A virtual machine from Google Compute Engine starts at about $25 / month for 2 vCPU, 1 core, 4 GB RAM, and 10 GB disk space. The monthly pricing is just an estimate, it is actually prorated per second, but the machine is either on or off, it won’t spin up automatically whenever it gets a request.

To figure out how much CPU, RAM, and disk space I would need, I had ChatGPT analyze logs from running the LlamaIndex-Ollama chatbot with Qwen2.5, a relatively lightweight LLM. For each question prompt, the agent needed to generate a response that incorporated both a natural language-to-SQL query, and a RAG vector retrieval step.

The results suggested the right size VM would be at least 30 GB of disk space ($3 / mo), and something like 4-8 vCPU, 16 GB. That fits one of these Compute Engine machines:

$97.84 / mo – 4 vCPU, 2 core, 16 GB (one request at a time)
$195.67 / mo – 8 vCPU, 4 core, 32 GB (two requests simultaneously)

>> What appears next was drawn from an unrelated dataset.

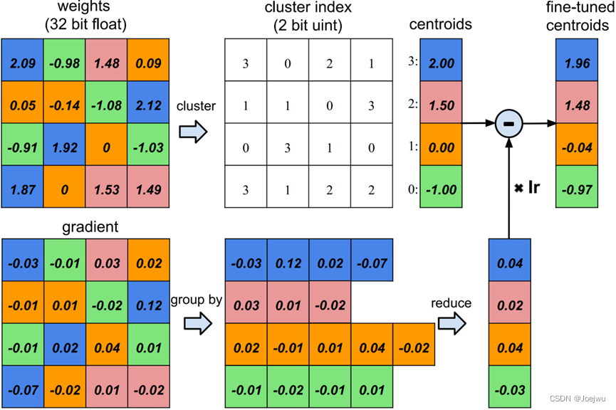 图1.2 Deep Compression中通过聚类完成权值量化与微调示意图[44]
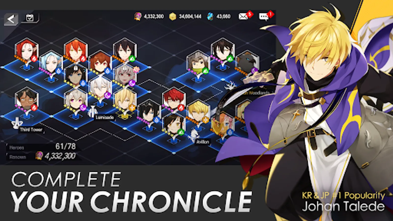 As the Lord of Avillon, you'll embark on a gripping journey filled with trials, triumphs, reunions, and farewells. Explore the human experience through themes of sacrifice, loyalty, and the weight of leadership. Traverse various chapters of the main story, uncovering the intricacies of this mystical world. Delve into the past of your heroes during the War of the Tyrants story, and embark on new adventures with Side Stories in the ultimate RPG experience.

For comparison, my macbook pro is Apple M1 chip, 10 core, 16GB – so compared with these, it has outsized CPU capacity relative to the amount of RAM. But the VMs have more RAM than needed for my agent. And any old Intel chip office computer would probably meet these specs. This is still not production grade in terms of processing requests for thousands of users, but other strategies should also come into play at that scale. We could also start talking about buying a GPU such as the Nvidia A100, or the cheaper RTX 4090, which would take things to another level.

Bottom line:

I figured out how to steer my agentic AI trajectory back to front-end / UX. The Vercel AI SDK is a front-end agent development kit using Next/React/Typescript — https://ai-sdk.dev — It functions the same as Python libraries like LangChain, LlamaIndex, or Google ADK, runs via Next api routes, comes with UI primitives, and gives observability metrics in the browser.

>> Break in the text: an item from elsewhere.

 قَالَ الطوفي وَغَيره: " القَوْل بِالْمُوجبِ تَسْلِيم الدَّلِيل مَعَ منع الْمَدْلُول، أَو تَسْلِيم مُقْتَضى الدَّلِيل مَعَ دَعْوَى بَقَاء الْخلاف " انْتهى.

This seems like a good tool for what I am trying to build: a chatbot that responds to UI filter state, and can change filters in response to chat input. The real issue is how to scale it, even for a small project like Orcasound. I will run the agent on my laptop for now to prove out concepts and keep monitoring performance, while staying on the lookout for a cheap office computer or even GPU to start my home data center.